*SOURCE INFORMATION*.
◇ ◇ ◇
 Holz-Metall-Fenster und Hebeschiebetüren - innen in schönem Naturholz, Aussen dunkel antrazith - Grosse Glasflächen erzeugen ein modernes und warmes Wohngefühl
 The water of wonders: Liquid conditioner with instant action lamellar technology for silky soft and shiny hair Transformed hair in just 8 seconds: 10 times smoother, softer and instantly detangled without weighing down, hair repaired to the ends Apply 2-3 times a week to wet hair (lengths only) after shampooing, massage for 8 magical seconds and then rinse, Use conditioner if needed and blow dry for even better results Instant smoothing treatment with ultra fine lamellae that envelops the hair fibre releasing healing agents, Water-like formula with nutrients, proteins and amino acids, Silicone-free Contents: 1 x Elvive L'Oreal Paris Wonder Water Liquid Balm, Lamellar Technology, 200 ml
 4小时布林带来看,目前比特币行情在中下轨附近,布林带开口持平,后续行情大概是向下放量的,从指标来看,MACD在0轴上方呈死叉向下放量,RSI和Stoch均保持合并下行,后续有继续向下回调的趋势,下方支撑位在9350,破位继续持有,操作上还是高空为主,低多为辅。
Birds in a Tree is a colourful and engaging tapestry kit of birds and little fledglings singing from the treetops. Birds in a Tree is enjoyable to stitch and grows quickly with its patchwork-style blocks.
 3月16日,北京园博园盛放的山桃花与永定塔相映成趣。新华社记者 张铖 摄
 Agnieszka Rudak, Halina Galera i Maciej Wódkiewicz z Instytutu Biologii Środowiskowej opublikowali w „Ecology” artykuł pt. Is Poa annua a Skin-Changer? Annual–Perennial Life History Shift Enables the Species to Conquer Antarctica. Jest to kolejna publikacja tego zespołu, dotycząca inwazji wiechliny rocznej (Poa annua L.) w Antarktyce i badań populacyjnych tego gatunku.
◇ ◇ ◇
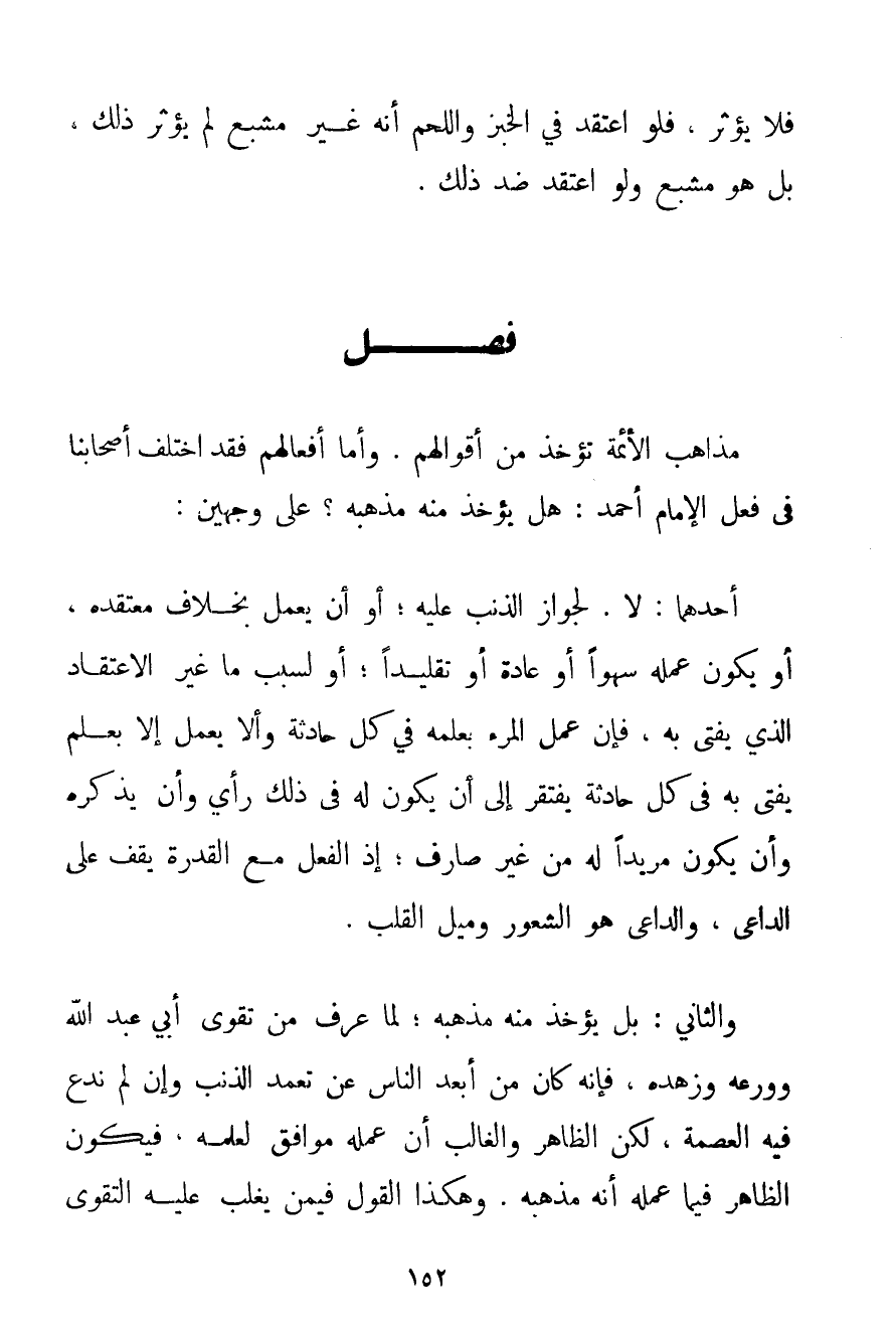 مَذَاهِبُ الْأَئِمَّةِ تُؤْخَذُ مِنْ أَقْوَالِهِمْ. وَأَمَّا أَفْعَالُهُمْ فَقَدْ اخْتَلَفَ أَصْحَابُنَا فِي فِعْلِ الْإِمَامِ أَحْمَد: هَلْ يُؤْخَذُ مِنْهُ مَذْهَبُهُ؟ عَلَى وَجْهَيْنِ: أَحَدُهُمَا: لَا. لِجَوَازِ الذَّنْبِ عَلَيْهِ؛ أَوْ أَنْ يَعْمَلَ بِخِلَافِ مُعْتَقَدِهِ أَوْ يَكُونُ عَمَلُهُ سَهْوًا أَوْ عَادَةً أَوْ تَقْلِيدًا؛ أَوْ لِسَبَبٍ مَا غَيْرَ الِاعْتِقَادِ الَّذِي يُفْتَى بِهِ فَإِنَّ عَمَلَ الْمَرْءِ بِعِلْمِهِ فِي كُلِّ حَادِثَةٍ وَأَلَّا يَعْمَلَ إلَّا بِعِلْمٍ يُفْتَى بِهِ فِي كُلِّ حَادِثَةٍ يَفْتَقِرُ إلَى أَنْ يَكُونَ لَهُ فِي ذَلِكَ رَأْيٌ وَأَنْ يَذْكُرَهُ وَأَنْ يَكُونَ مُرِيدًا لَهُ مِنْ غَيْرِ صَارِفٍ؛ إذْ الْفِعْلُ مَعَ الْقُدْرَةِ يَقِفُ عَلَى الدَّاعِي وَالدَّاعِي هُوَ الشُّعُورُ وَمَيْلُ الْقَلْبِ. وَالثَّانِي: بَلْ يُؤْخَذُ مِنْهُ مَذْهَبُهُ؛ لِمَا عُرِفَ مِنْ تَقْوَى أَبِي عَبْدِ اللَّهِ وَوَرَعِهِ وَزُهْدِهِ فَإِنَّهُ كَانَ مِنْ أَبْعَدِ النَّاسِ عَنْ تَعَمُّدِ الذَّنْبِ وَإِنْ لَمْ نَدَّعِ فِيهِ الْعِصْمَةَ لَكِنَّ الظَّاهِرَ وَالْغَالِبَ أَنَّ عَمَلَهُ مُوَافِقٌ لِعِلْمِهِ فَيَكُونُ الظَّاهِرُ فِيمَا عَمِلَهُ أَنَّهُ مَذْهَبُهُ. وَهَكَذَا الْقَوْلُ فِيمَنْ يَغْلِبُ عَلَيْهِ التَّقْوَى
◇ ◇ ◇
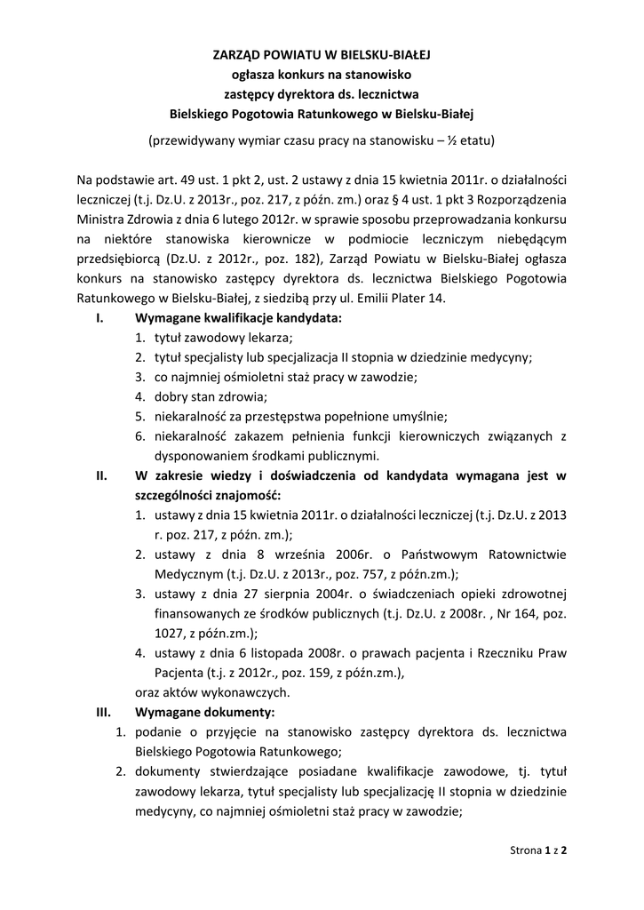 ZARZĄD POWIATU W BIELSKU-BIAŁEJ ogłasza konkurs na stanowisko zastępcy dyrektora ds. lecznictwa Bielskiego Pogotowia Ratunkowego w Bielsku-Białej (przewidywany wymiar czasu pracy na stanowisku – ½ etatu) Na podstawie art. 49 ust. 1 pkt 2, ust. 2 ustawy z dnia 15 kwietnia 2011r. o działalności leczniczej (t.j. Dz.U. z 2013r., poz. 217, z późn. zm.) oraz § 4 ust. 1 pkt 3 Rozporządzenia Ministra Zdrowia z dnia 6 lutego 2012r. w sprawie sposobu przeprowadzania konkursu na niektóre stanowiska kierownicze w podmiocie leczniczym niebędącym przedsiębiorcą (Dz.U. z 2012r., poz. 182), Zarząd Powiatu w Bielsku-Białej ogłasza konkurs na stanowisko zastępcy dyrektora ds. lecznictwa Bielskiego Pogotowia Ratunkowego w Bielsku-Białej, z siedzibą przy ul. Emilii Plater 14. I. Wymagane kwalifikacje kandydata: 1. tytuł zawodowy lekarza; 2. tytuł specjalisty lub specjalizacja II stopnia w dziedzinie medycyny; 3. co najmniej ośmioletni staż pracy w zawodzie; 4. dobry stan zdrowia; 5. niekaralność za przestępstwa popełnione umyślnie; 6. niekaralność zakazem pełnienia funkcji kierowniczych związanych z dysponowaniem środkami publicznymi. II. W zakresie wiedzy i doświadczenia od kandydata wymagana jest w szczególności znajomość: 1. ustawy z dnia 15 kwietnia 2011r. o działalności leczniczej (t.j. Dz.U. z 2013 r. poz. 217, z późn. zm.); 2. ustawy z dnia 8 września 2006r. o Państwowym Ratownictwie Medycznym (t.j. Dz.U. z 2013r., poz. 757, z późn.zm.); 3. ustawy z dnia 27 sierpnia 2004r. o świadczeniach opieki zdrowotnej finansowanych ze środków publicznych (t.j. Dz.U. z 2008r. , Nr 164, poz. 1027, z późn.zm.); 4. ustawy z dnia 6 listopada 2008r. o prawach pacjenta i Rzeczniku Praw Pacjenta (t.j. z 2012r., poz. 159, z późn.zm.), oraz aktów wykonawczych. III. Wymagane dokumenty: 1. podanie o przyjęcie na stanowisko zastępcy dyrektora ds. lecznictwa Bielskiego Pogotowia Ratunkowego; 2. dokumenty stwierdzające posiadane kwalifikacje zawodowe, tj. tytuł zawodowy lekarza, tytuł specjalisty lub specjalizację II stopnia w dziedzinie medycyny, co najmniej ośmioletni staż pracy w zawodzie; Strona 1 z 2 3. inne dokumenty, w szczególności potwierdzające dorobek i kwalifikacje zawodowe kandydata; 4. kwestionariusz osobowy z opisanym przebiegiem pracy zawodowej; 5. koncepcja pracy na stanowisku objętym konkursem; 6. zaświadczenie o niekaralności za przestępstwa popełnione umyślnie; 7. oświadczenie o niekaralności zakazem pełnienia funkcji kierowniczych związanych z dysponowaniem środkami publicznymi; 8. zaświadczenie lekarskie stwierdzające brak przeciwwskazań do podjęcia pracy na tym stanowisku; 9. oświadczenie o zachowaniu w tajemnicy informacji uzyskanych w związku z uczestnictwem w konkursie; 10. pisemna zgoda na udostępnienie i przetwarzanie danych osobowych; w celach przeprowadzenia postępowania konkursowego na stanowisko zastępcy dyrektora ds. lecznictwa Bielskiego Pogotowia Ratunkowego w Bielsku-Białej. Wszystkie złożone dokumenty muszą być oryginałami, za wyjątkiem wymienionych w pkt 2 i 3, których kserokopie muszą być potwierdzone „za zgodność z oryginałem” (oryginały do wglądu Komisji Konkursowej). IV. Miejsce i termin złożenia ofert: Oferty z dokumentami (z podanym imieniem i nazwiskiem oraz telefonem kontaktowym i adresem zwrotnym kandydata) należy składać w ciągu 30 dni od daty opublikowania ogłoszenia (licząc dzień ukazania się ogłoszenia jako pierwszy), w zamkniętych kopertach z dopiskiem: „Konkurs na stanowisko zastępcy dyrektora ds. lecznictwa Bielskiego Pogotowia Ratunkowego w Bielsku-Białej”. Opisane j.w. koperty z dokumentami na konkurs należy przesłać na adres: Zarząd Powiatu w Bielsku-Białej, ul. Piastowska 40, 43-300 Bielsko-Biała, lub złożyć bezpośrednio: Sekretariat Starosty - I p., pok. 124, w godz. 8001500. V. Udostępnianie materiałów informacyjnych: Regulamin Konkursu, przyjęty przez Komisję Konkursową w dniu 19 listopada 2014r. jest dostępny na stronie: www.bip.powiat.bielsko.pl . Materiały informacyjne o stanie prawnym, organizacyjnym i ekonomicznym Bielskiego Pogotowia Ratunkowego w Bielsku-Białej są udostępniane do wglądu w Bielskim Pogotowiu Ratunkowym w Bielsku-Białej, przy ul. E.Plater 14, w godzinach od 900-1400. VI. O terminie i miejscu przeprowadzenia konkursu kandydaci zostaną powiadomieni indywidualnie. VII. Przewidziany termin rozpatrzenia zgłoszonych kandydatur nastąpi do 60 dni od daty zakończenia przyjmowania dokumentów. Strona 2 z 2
◇ ◇ ◇
*TASK PROMPT*. Look in the material above for the line with "Birds in a Tree is a" and the line with "3月16日,北京园博园盛放的山桃花与永定塔相映成趣。新华社记者 张铖 摄", and transcribe exactly those lines and all lines between them, nothing more.

*RESPONSE BOX*.
Birds in a Tree is a colourful and engaging tapestry kit of birds and little fledglings singing from the treetops. Birds in a Tree is enjoyable to stitch and grows quickly with its patchwork-style blocks.
 3月16日,北京园博园盛放的山桃花与永定塔相映成趣。新华社记者 张铖 摄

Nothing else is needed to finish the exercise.